2) Having to make it sound like it was EXACTLY what I wanted b/c I didnt want them to know I was disappointed. Do you know how hard it is to muster up excitement over a damn Moonie???

All of THAT on top of the fact that I did NOT have my driver’s license.

He broke up with me a week or so later. I knew that was coming. I knew that non-relationship inspired gift represented something grander, but I loved him. We stayed friends because we still were both struggling with some of the same problems. He was my first true love and my first true heart break. I think I still have the cards/gifts etc in a box at my Dad’s.

So – as you see, the story – in retrospect, is pretty freakin’ hilarious. How else would I have kept my brother’s girlfriends entertained over the years.
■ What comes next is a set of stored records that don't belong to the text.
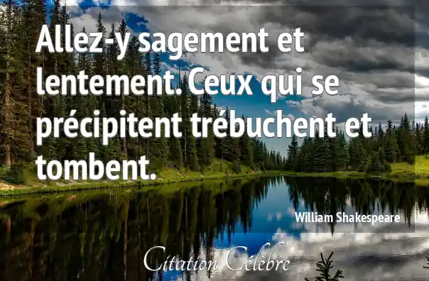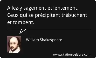 Allez-y sagement et lentement. Ceux qui se précipitent trébuchent et tombent.
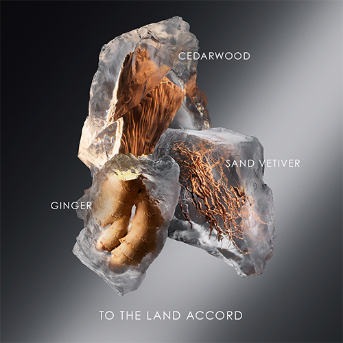 Il vetiver della sabbia, dalle intense sfaccettature minerali, si unisce al legno di cedro di origine naturale mentre lo zenzero
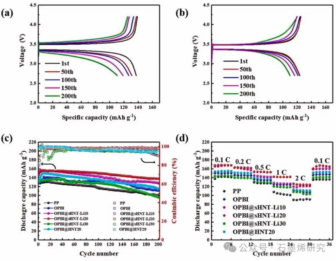 图 8. 使用 (a) PP 和 (b) OPBI@sHNT-Li20 隔膜组装的电池的充放电曲线;(c) LiPO4/Li 电池的循环性能和 (d) 倍率能力。
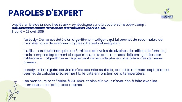 D'après ler livre de Dr Dorothee Struck - Gynécologue et naturopathe, sur le Lady-Comp : Anticonceptie zonder hormonen: alternatieven voor Pil & Co. Broché – 23 avril 2019
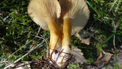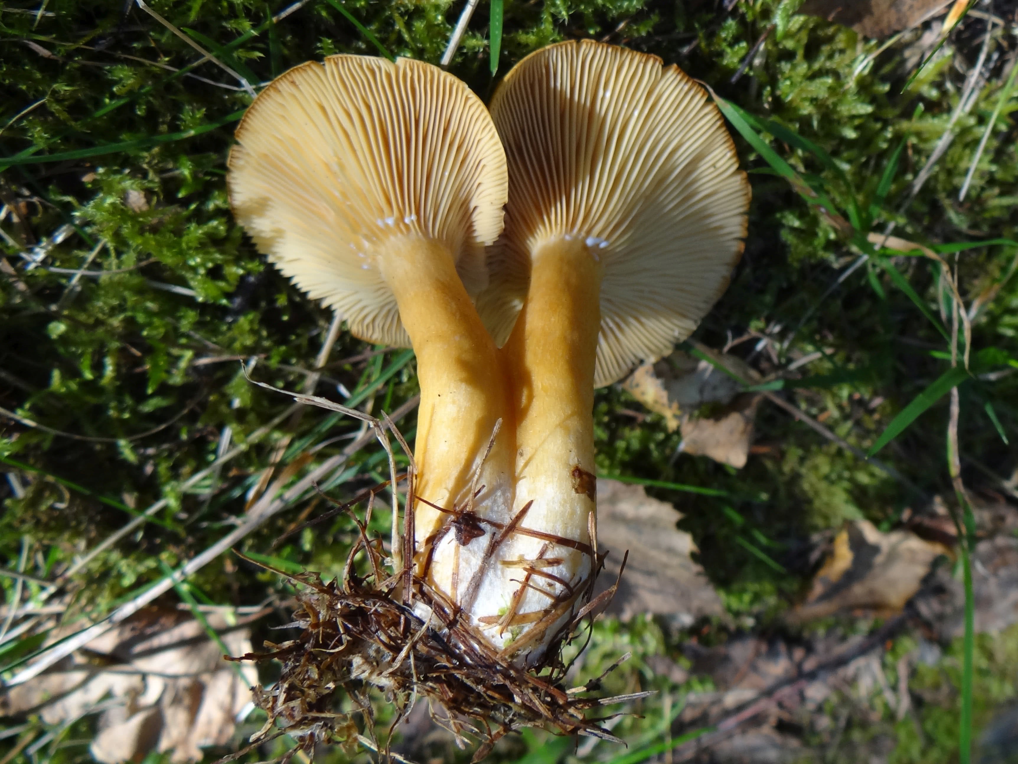 2-4 cm de long ; 1-1.5 cm d'épaisseur ; légèrement effilé à la base ; sans nids de poule ; chauve ; orange pâle ; mycélium basal blanc.

He’ll prob even make me tell that story to his KIDS someday.

I saw that boyfriend at a club in Knoxville several years ago. It was after my ex-husband and I split, but before I met Donnie. He kissed my hand. He was going back to Montana to study geology, or something like that. I was severely flustered. A girl really needs preparation before running into her first heartbreak. I wish I had been dressed cuter.

I should have told him “Thank You” that night for all he did for me in terms of coping with personal issues. I should have told him I often think about his Mom and how strong she was. Or maybe, I should have simply DEMANDED a new sweet 16 gift, right then and there. Or at least demanded he buy me a drink. Alas – I demanded nothing because I was paying my tab when I saw him, I was leaving, and flustered. But he kissed my hand, which completely boosted my ego as a woman recently divorced.

I think that made up for the Moonie.

1 thought on “Sweet 16”

  1. That’s a horrible gift! I seriously doubt I could have mustered any sort of excitement over a moonie. First loves, though, are amazing. I just found a card from my first love in the attic while I was digging for Christmas decorations. It was signed “I will always love you, Josh”. I seriously doubt he still loves me!